Plaintiff's allegations most resemble the third form of Equal Protection claim-that is, disparate racial impact. The Complaint does not identify any express racial classifications, or that Defendants applied facially neutral laws or policies in an intentionally discriminatory manner. Thus, the first two categories are inapplicable here. Instead, the Complaint alleges that “the Mayor . . . acquiesced in staff preferences for procedures that result in defacto racial discrimination,” Compl. at 20 (formatting modified), and more broadly that “[t]he outlay of monies” required to remedy the deficiencies in her variance application were “beyond the means of a Black non-firm owner applicant with no business interests,” noting that “historical race and class discrimination have produced deep gaps in generational wealth,” placing Black families at a significant disadvantage, id. at 18. Those allegations could suffice to plead that Defendants' policies “result in racially disproportionate impact.” Rothe Dev., Inc., 836 F.3d at 63.

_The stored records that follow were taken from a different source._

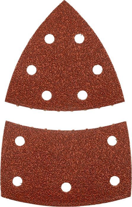 Lihvimiskolmnurgad, puit ja metall, kõrgekvaliteediline korund, 100 x 62, 93 mm, alumiiniumoksiidiga kaetud, täielikult vaiguga seotud, tugevdatud alusmaterjal, veluurkattega, perforeeritud, mitmeotstarbeliseks lihvijaks, metalli ja puidu, värvi, laki, täiteaine, kivi ja plasti lihvimiseks.
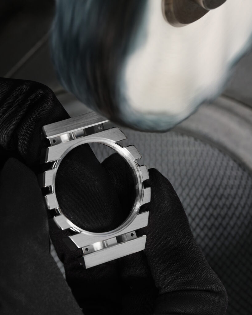 L’objet se définit par une intégration totale : le boîtier de 38 mm et le bracelet ne forment qu’une seule unité visuelle et tactile. L’alternance entre l’or blanc satiné et les godrons en or jaune poli crée un relief texturé qui s’étire sans interruption jusqu’au cadran en or massif. Pour l’observateur profane, l’éclat de l’or blanc pourrait évoquer l’acier inoxydable ; pour l’esthète, il s’agit d’une affirmation de la « Maison de l’Or », où chaque gramme de métal est fondu dans la propre fonderie de la manufacture à Genève.
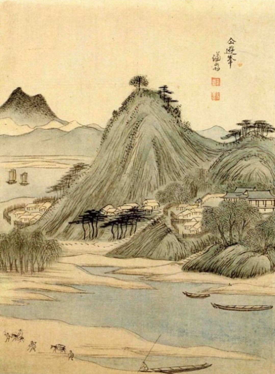 지금 서울 영등포구 양화동 양화선착장 일대의 260년전 모습이다. 이 곳 에는 선유봉(仙遊峯)이라는 매혹적인 산이 있었다. 신선이 놀던 산이라 는 뜻이다. 관악산과 청계산의 서쪽 물과 광교산 수리산 소래산의 북쪽 물을 몰고 온 안양천이 산자락을 휘 감으며 한강에 합류하는 지점에 붓끝 처럼 솟아난 산봉우리였다. 선유봉은 그러나 1965년 양화대교가 이 곳을 관통하면서 역사 속으로 사라지고 만 다. 이 산자락 강변에는 서울로 가는 큰 나루와 안양천을 건너 양천으로 가는 작은 나루가 있었는데 모두 양화(楊花)나루라 불렀다. 이 곳의 지명이 당시에도 양천현 남면 양화리 였기 때문이다.
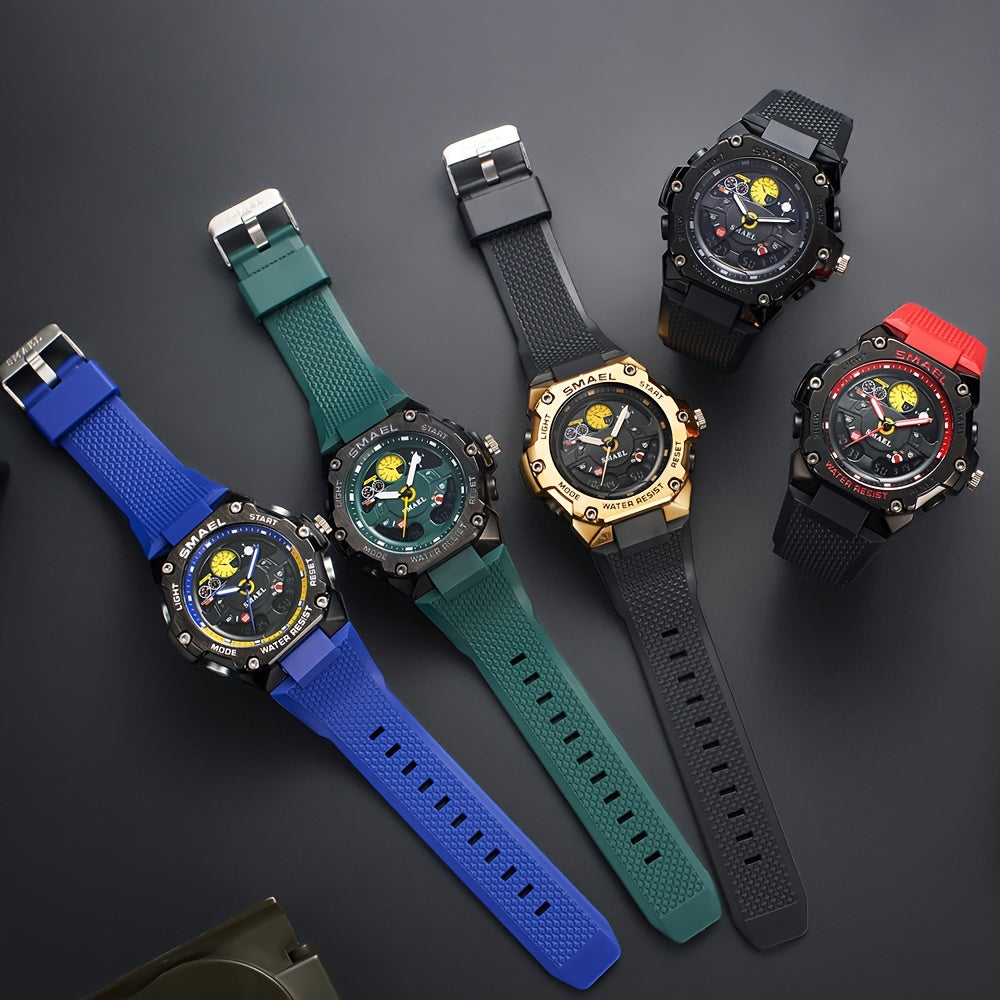 SMAEL Racing Dashboard Design Outdoor Sports Watch - LED Stopwatch Quartz - For Men & Women - Suitable for Sports & Outdoor Activities - Perfect Gift for Adventurers & Sports Enthusiasts
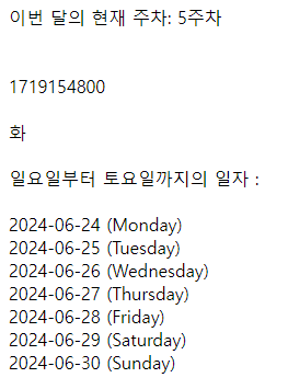// 현재 주의 일요일부터 토요일까지의 일자 출력
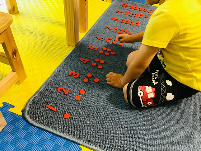 子どもたちの生活の中にも、数との関りは多く存在します。時間、長さ、重さ、物の数、年齢、回数等。考える力の基礎として、まずは数を唱える「数唱」から始まり、「数量」「数字」と一致させていきます。それは、モンテッソーリの教具に加え、そろばんを使うことで、数の認識を深め、数学脳を育みます。自信・集中力・注意力・忍耐力・記憶力・情報処理力を養い、情報処理をする右脳教育をモンテッソーリ教具(数える、並べる、十進法、四則演算方法数式の解、暗算)から始め、脳の活性化に伴い、脳機能を高めたり脳の構造を良い方向に変えたりする学習の土台作りを行なっていきます。
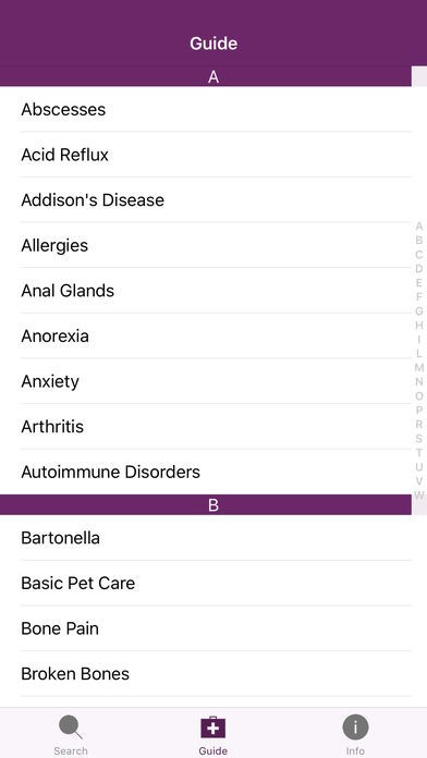 このアプリでは、ペットの病気の情報について詳細が書かれているので、ペットに異常が起きた時、動物病院へ向かう前に体調が良くない要因をある程度調べることができます。
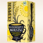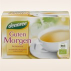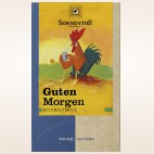 Bringt Schwung in den Tag: Unser Guten-Morgen-Tee aus biologischem Anbau versorgt Sie mit dem richtigen Kick für den Tag, um das Büro nicht im Halbschlaf zu erreichen. Dieser stimmungsvolle Kräutertee schmeckt kräftig-würzig mit kühlen Pfefferminznuancen.
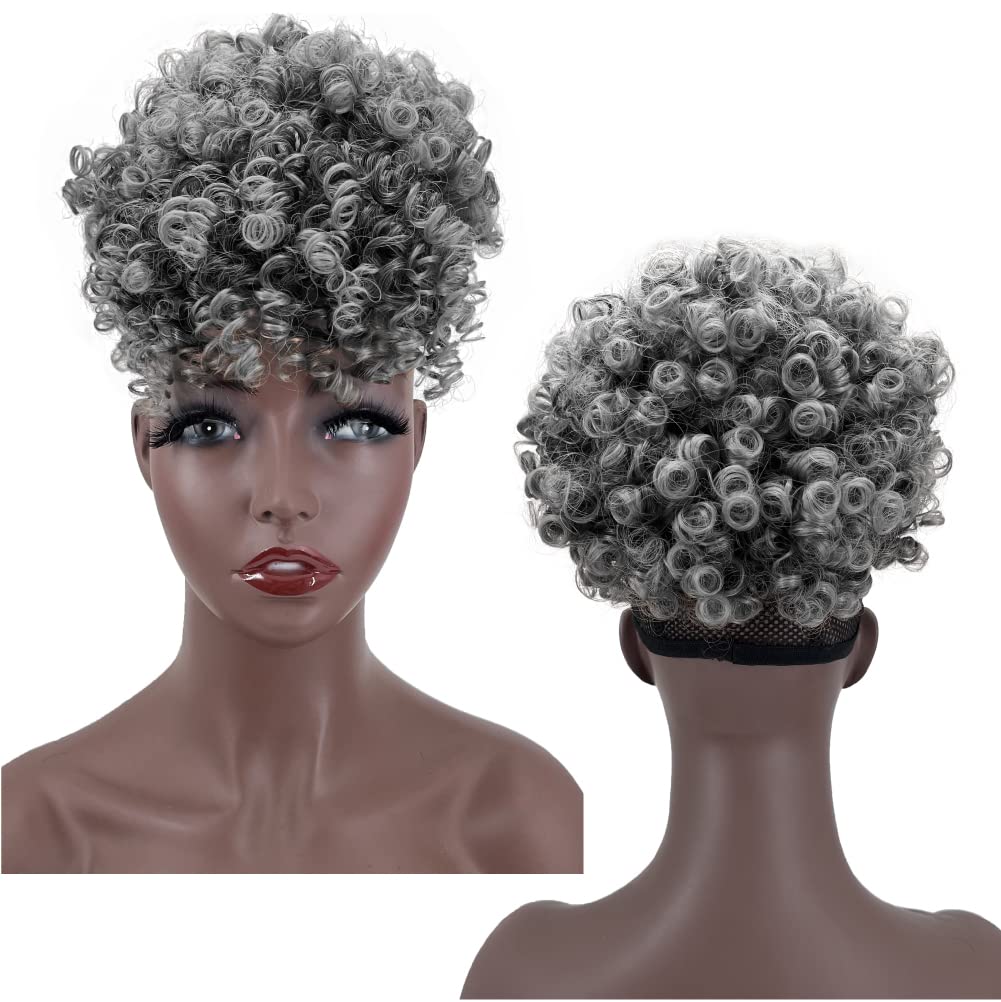 Pelucas de cola de caballo Afro Puff para mujer negra Cola de caballo con cordón Afro Puff rizado y rizado con flequillo de pelo rizado Cola de caballo Afro gris para cabello natural Pelucas de sal y pimienta para mujer
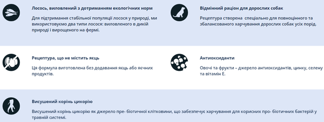 Рецептура без зерна, без яєць, багата омега жирними кислотами, які підтримують здоров'я шкіри, роблять шерсть гладкою та сяючою. Відмінна формула для харчування собак з чутливим травленням.
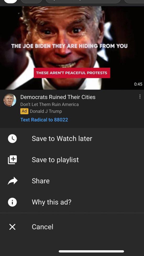 民主党正式提名拜登为总统候选人,特朗普这边也没有闲着。美国网民今天发现,一旦进入视频网站YouTube首页,就会自动播放特朗普团队投放的攻击拜登的政治广告。如果启用Adblock屏蔽页面广告,虽然画面没有显示,但是该广告的声音依然在播放。
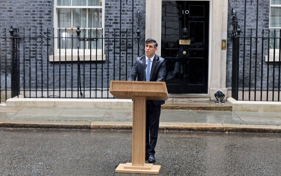 British Prime Minister Rishi Sunak speaks outside 10 Downing Street in London, Britain, on May 22, 2024. (Xinhua)
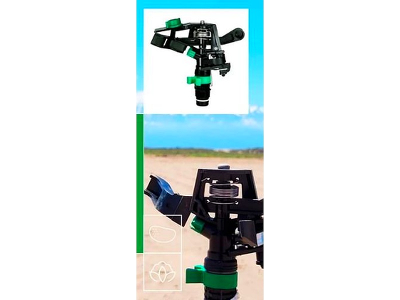 Aspersor de impacto de plástico reforzado, con alta resistencia a la corrosión, productos químicos y radiación UV.
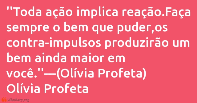 ''Toda ação implica reação.Faça sempre o bem que puder,os contra-impulsos produzirão um bem ainda maior em você.''---(Olívia Profeta) Olívia Profeta
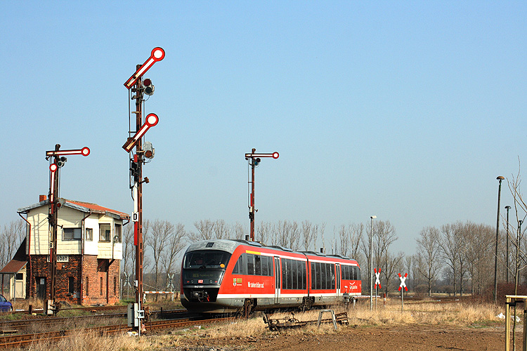 642 167 fährt als RB 27753 Haldensleben - Magdeburg aus Barleben in Richtung Abzweig Glindenberg aus, 16.03.2012. Das Ausfahrsignal D für Gleis 1 erhielt verkürzte Flügel, weil dieses Gleis und der Streckenabschnitt bis zum Abzweig Glindenberg einst mit Fahrleitung überspannt war, um E-Lok-bespannten S-Bahnzügen das Wenden in Barleben zu ermöglichen. In den achtziger Jahren kam jedoch nur einmal am Tag eine Ellok bis Barleben, so das sich diese Investition wohl kaum gerechnet hat. Nach der Wende wurde dieser Abschnitt dann wieder entelektrifiziert, die verkürzten Signalflügel aber blieben. |

Nonetheless, this claim cannot succeed because Plaintiff does not plead the necessary second element of a disparate-impact claim: that Defendants' policies “are motivated by a racially discriminatory purpose.” Id.; see also Roberts, 741 F.3d at 160 (“[A]bsent an overtly discriminatory classification, ‘proof of racially discriminatory intent or purpose is required to show a violation of the Equal Protection Clause.'” (quoting Vill. of Arlington Heights v. Metro. Hous. Dev. Corp., 429 U.S. 252, 265 (1977))). Plaintiff does not allege that Defendants were even aware of their policies' allegedly disparate impact, much less that they took the actions of which she complains because of racial animus. See Pers. Adm'r of Massachusetts v. Feeney, 442 U.S. 256, 258 (1979) (“‘[D]iscriminatory purpose' implies more than intent as volition or intent as awareness of consequences; it implies that the decision maker selected or reaffirmed a particular course of action at least in part ‘because of,' not merely ‘in spite of,' its adverse effects upon an identifiable group.”). Nor does she allege any irregularities that could give rise to an inference of discriminatory purpose, such as “‘a clear pattern' of discrimination, ‘unexplainable on grounds other than race,'” Smith v. Henderson, 54 F.Supp.3d 58, 70 (D.D.C. 2014) (quoting Arlington Heights, 429 U.S. at 266), or “departures from normal procedures” or “factors normally considered in reaching a decision,” Bellinger, 288 F.Supp.3d at 80 (citing Arlington Heights, 429 U.S. at 266-68). No matter how liberally construed, Plaintiffs allegations fail to state an Equal Protection claim.
IV. CONCLUSION
For these reasons, the court will GRANT Defendants' Motion to Dismiss, ECF No. 6. A corresponding Order will accompany this Memorandum Opinion.